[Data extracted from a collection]
▬▬▬▬▬▬▬▬▬▬

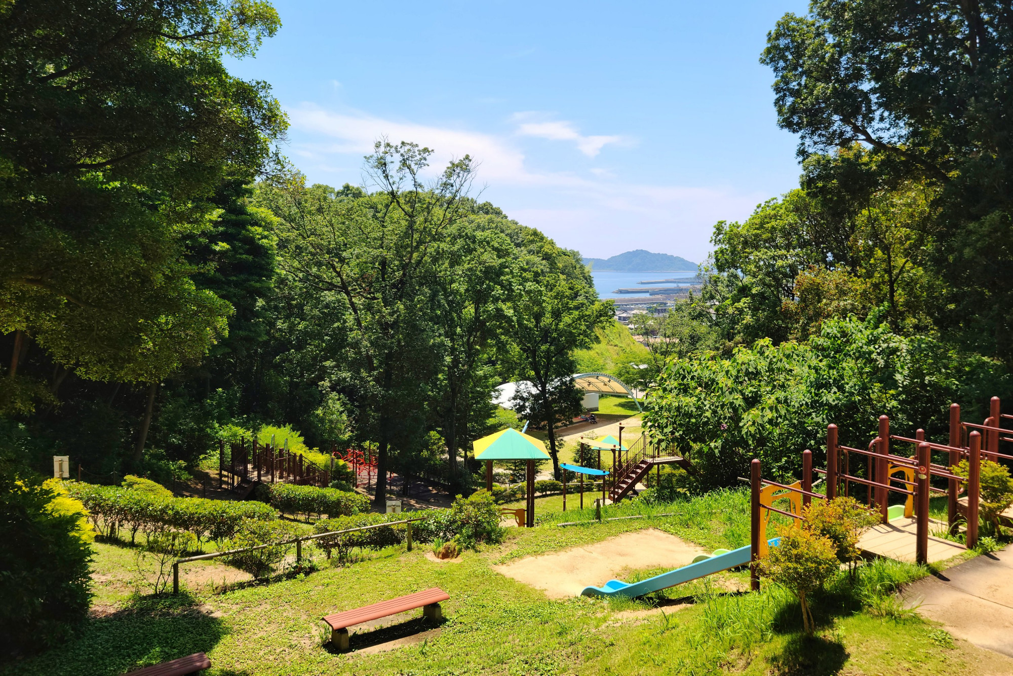 頂上の遊具からは遠くに海が見えて気分が晴れます。
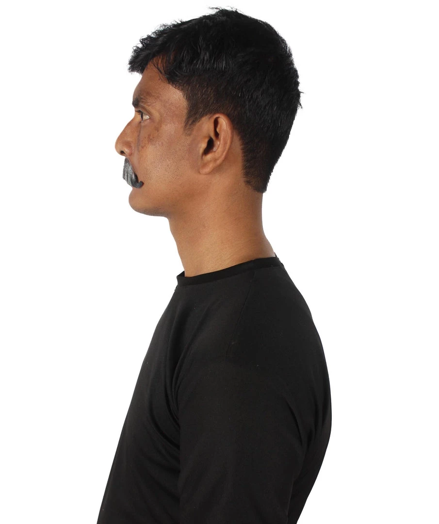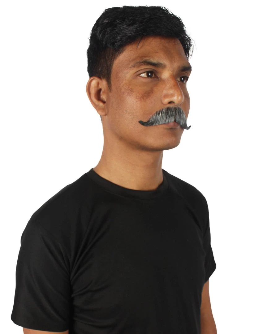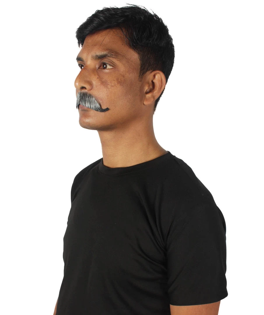 HPO Adult Men’s Fake Human Hair Western Grandpa Mustache | Mixed Black And Grey Color
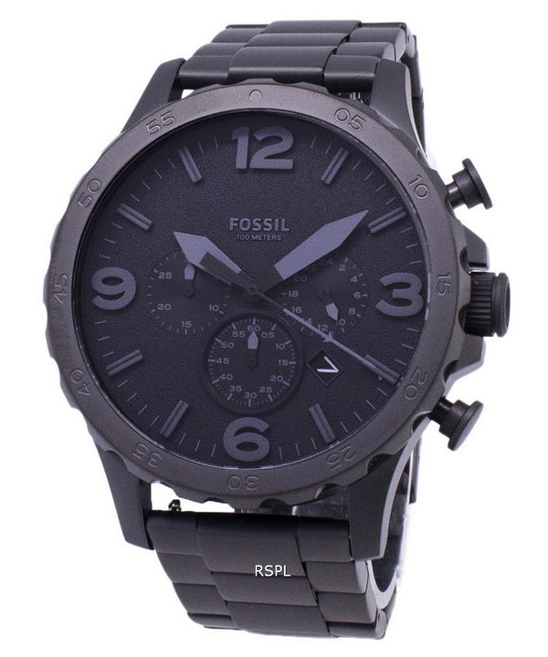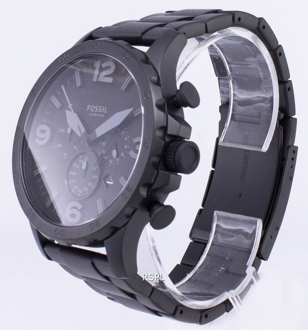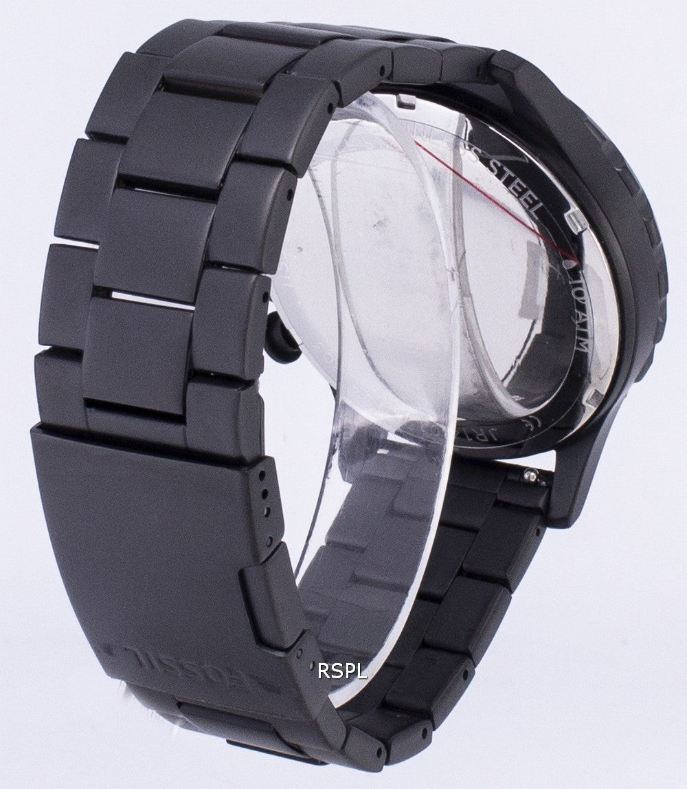 Fossiles Nate chronographe cadran noir noir JR1401 Ion-plaqué montre homme
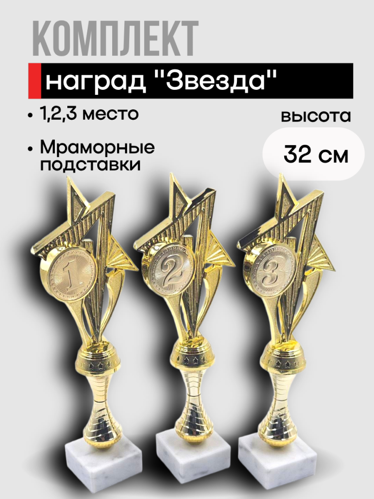 Комплект наградных кубков с эмблемами за 1,2,3 место "Звезда" (32 см) - описание товара
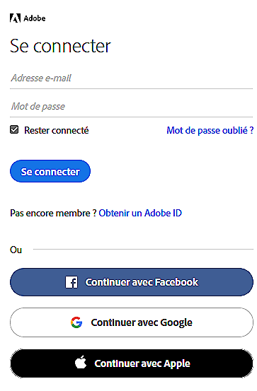 Enregistrez-vous grâce à l’identifiant (adresse mail) et le mot de passe préalablement créés lors de l’ouverture de votre compte Adobe (Etape 1).
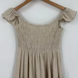 Dress Forum Linen Blend Off Shoulder Smocked Back Dress in Natural | Small
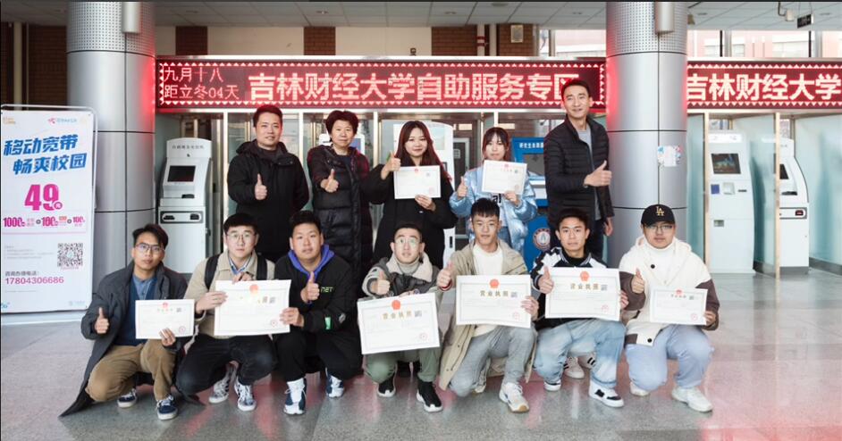 本网讯(国际经济贸易学院 供稿)11月3日,国际经济贸易学院四组创业学生,通过设置于实验楼一楼大厅的企业登记自助打照机,打印出属于他们自己的营业执照。这标志着国际经济贸易学院跨境电商创业孵化基地支持孵化的首批四家学生创办的企业正式成立运营。同时他们也成为孙杰光校长支持大学生创新创业,在校设置企业登记自助打照机以来的首批使用者。
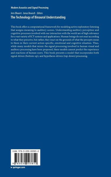 The current book concentrates on these cognitive functions. Instead of processing signals, processing symbols is now the predominant modeling task. Substantial contributions to the field draw upon the knowledge acquired by cognitive psychology. The keyword Binaural Understanding in the book title characterizes this shift.
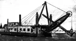 In 1904 Bucyrus supplied 77 of the 102 steam shovels used to dig the Panama Canal.[9] These were 95 ton models with five-cubic-yard buckets that could move approximately eight tons of material at once. They were operated by a crew of four. Similar to a locomotive, the crew was headed by an engineer, and included two firemen who stoked the boiler with coal, and a craneman. A support crew of six on the ground laid rails on which the shovel moved. A photograph of President Theodore Roosevelt was taken in November 1906 operating a Bucyrus shovel in Panama during his inspection trip. In March 1910, a single Bucyrus shovel excavated 70,000 cubic yards in 26 days at the Culebra Cut, setting a canal construction record. Each shovel averaged over 1,000,000 cubic yards of earth excavated at the cut.[10]
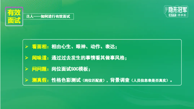 在(zài)探索如(rú)何(hé)解決企業用人(rén)困境之(zhī)前,李二橋老師引導大家思考一個問題:中(zhōng)國(guó)真的缺人才嗎?答案是(shì)肯(kěn)定的:中國並不缺人才,真正的問題出在(zài)“選錯、用錯、放錯”人才上。因此,企業必(bì)須建立起(qǐ)清晰有效的人才吸引機製和員工(gōng)培養體係,構(gòu)建從精準麵試到係統入職的(de)全流程管理,才能真正釋放人(rén)才價值。
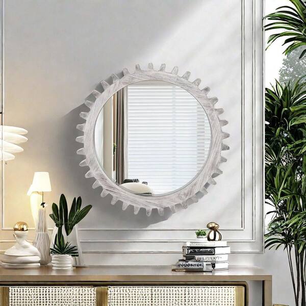 Antique White Washed 26 in W x 26 in. H Round Wood Framed Mirror
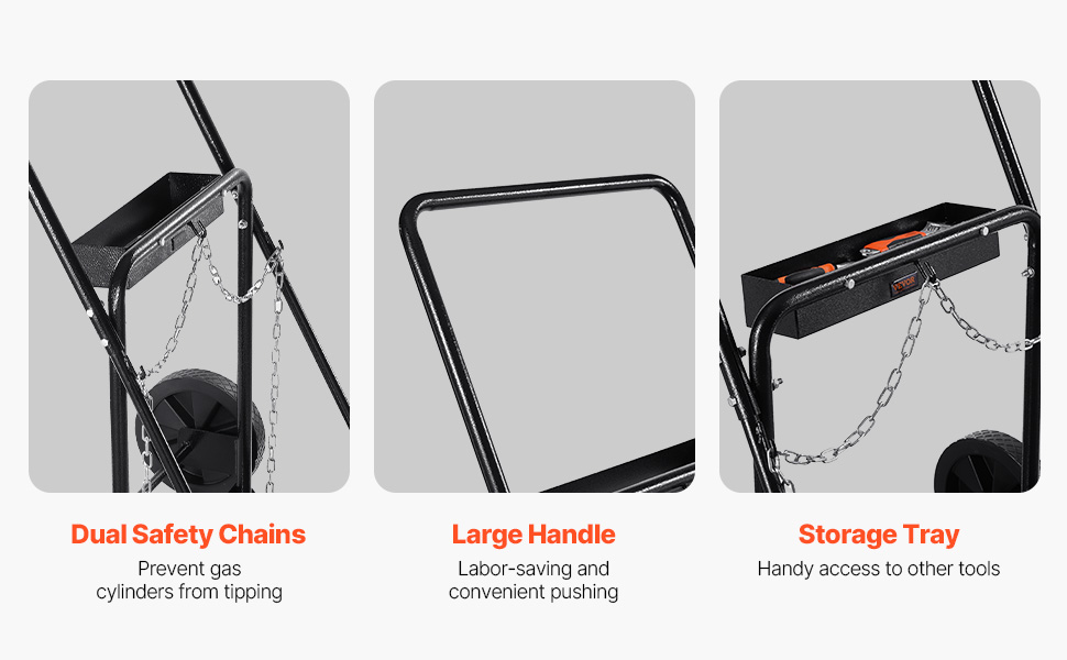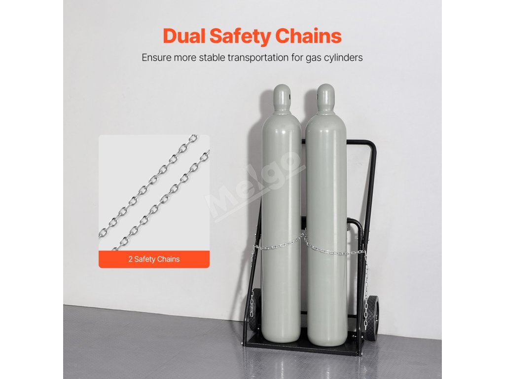 Náš vozík s dvojitou plynovou zváracou fľašou je vybavený 2 bezpečnostnými reťazami na stabilné umiestnenie plynovej fľaše, veľkou rukoväťou na úsporné a pohodlné tlačenie a odkladacia priehradka poskytuje praktický prístup k ostatným nástrojom.
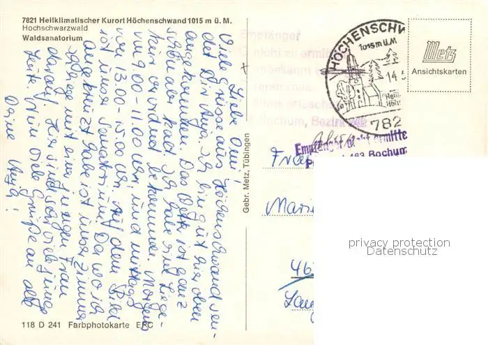 73813848 Hoechenschwand Waldsanatorium Hoechenschwand postalisch gelaufen nach 1965 Erhaltung siehe scans [WerneD78] [WernPID7 ]
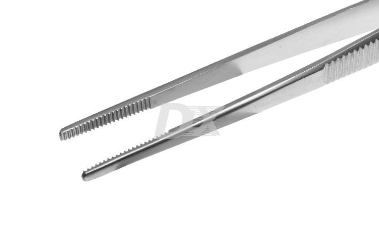 - Насечки, которые расположены поперёк и неглубоко на конце пинцета анатомического, обеспечивают более надёжное удерживание тканей.
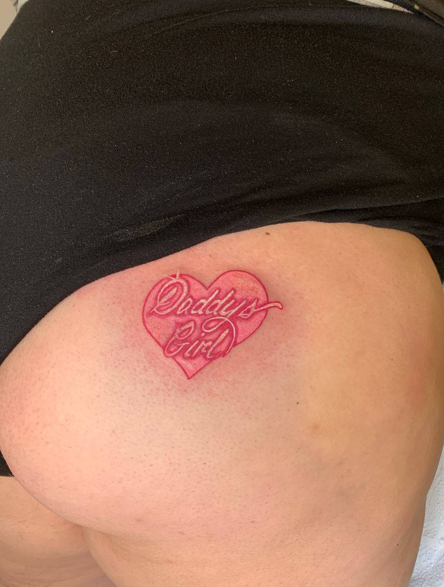 Daddy’s girl, buttcheek tattoo, neon light tattoo
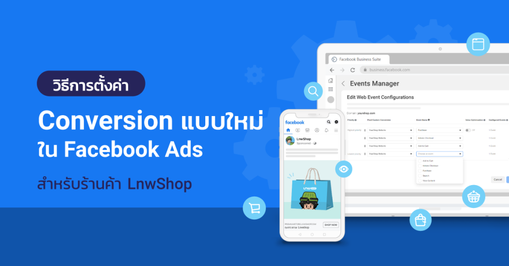 สำหรับเว็บไซต์ที่เป็น Subdomain ของ LnwShop เช่น yourshop.lnwshop.com เว็บไซต์เหล่านี้ จะถือว่าใช้งานอยู่ภายใต้โดเมน LnwShop.com ทั้งหมด ซึ่งจะไม่สามารถตั้งค่า Conversion แบบใหม่ได้ เนื่องจากกฎใหม่ของ Facebook มีการจำกัดการตั้งค่าไว้ที่ 8 Coversion ต่อเว็บไซต์ (จากเดิมไม่จำกัด) ด้วยปริมาณร้านค้ามหาศาล เราจึงไม่สามารถจะแบ่งโควต้า 8 Conversion ให้เพียงพอกับทุกร้านได้
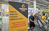 Торжественная церемония открытия первого полностью ребрендированного магазина "Лемана ПРО" (бывший "Леруа Мерлен") в Мытищах. Покупатели с товаром в зале магазина.
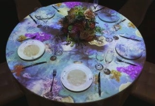 バンケットの凹凸に合わせて映像コンテンツを作成します。壁面3~4面に映像が投影される演出は室内ならでは。壁面1面から導入可能。
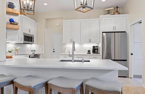 This stylish Destin retreat offers the perfect blend of comfort, fun, and luxury. Every stay includes a 6-passenger golf cart, making it easy to zip over to the sugar-white sands, explore top restaurants, or enjoy the nearby community center with its sparkling pool, hot tub, tennis courts, gym, and playground. Back at the house, you’ll love relaxing on the breezy screened porch, unwinding in the spa-inspired primary bath, and cooking in the gorgeous, fully stocked kitchen complete with high-end dishes and abundant cooking tools. Thoughtful extras like board games, puzzles, and outdoor toys make it easy to keep both kids and adults entertained when you’re not at the beach. With its light, airy décor and coastal touches throughout, the home instantly puts you in vacation mode. Whether you’re gathering with family, escaping for a romantic getaway, or enjoying a trip with friends, this beachy and well-appointed retreat is designed to make every moment feel like a dream vacation.
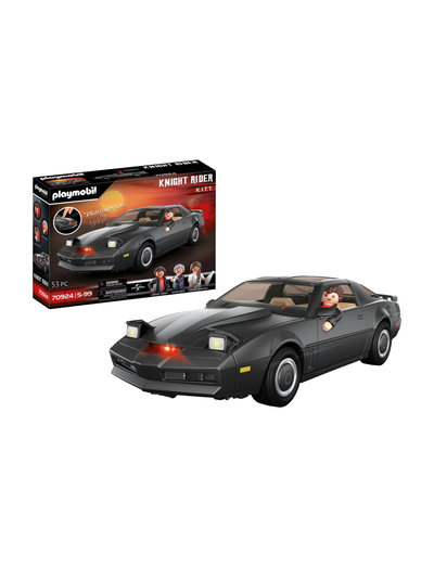 "Knight Rider, en mörk flykt in i den farliga världen av en man som inte existerar. Michael Knight, en ung ensamvarg på ett korståg för att stå upp för de oskyldiga, hjälplösa och maktlösa i en värld av brottslingar som tror att de står över lagen." En detektiv som man trodde var död, men som nu har en ny identitet. Han drivs av rättvisa och försöker utrota brottsligheten med hjälp av K.I.T.T., en futuristisk, artificiellt intelligent bil som är utrustad med högteknologiska prylar och vapen. Nu kommer K.I.T.T., den legendariska mirakelbilen från 1980-talets succéserie Knight Rider, till PLAYMOBILs fordonspark. Precis som sin storebror är PLAYMOBIL K.I.T.T. utrustad med en hel rad autentiska funktioner som till exempel en skrivare under instrumentbrädan för att skriva ut foton av eftersökta brottslingar, en roterande registreringsskylt, en lina med en gripkrok, fällbara strålkastare och ett avtagbart tak. K.I.T.T. har elektroniska ljud och lampor som styrs med en touchfunktion på motorhuven. Fordonet citerar fraser från serien med den ursprungliga ikoniska K.I.T.T.-rösten. Vissa fraser är kopplade till på/av-funktionen, medan de andra spelas slumpmässigt. Samtidigt tänds den ikoniska skannerlampan på fordonets framsida och blinkar lampan på instrumentbrädan. Förutom huvudkaraktären Michael Knight innehåller speluppsättningen också mycket detaljerade tillbehör som Bonnie Barstows datorlabb och Devon Miles kontorsmöbler. Nu är det dags att sätta sig i bilen och köra till nästa uppdrag.
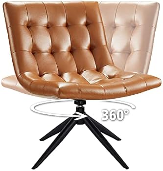 Amazon Com Volans Mid Century Swivel Home Office Chair Soft Faux Leather Armless Accent Chair For Living Room Office Bedroom Brown Home Kitchen
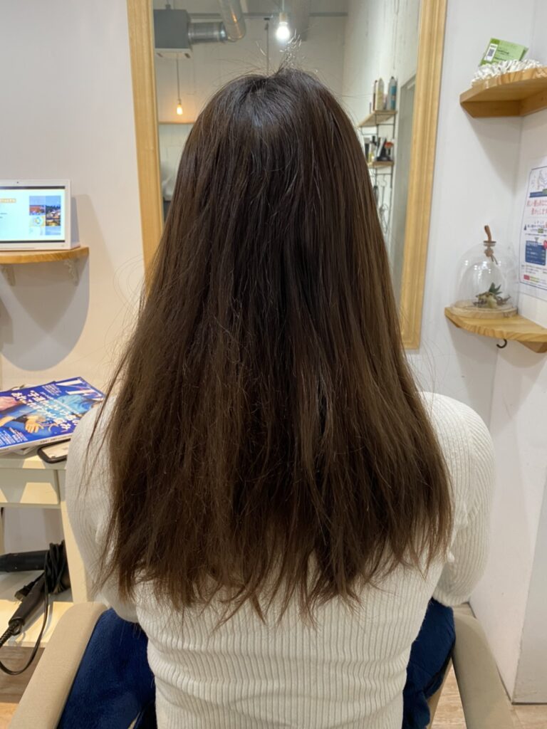 ご来店時はカラーの繰り返しで、綺麗に伸ばしたくても毛先がパサパサで伸ばせない、という状態でした。
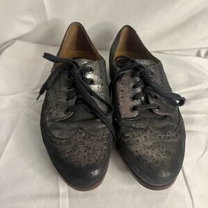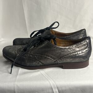 Earthies Santana Pewter Shoes Womens 8.5B Gray Leather Lace Up Wingtip Oxford

▬▬▬▬▬▬▬▬▬▬

◆ AIM OF THE EXERCISE
Go down the entries above from the line containing "73813848 Hoechenschwand Waldsanatorium" to the line containing "Daddy’s girl, buttcheek" and write out each line exactly, leaving pictures out.

◆ REPLY TO THE TASK
 73813848 Hoechenschwand Waldsanatorium Hoechenschwand postalisch gelaufen nach 1965 Erhaltung siehe scans [WerneD78] [WernPID7 ]
 - Насечки, которые расположены поперёк и неглубоко на конце пинцета анатомического, обеспечивают более надёжное удерживание тканей.
 Daddy’s girl, buttcheek tattoo, neon light tattoo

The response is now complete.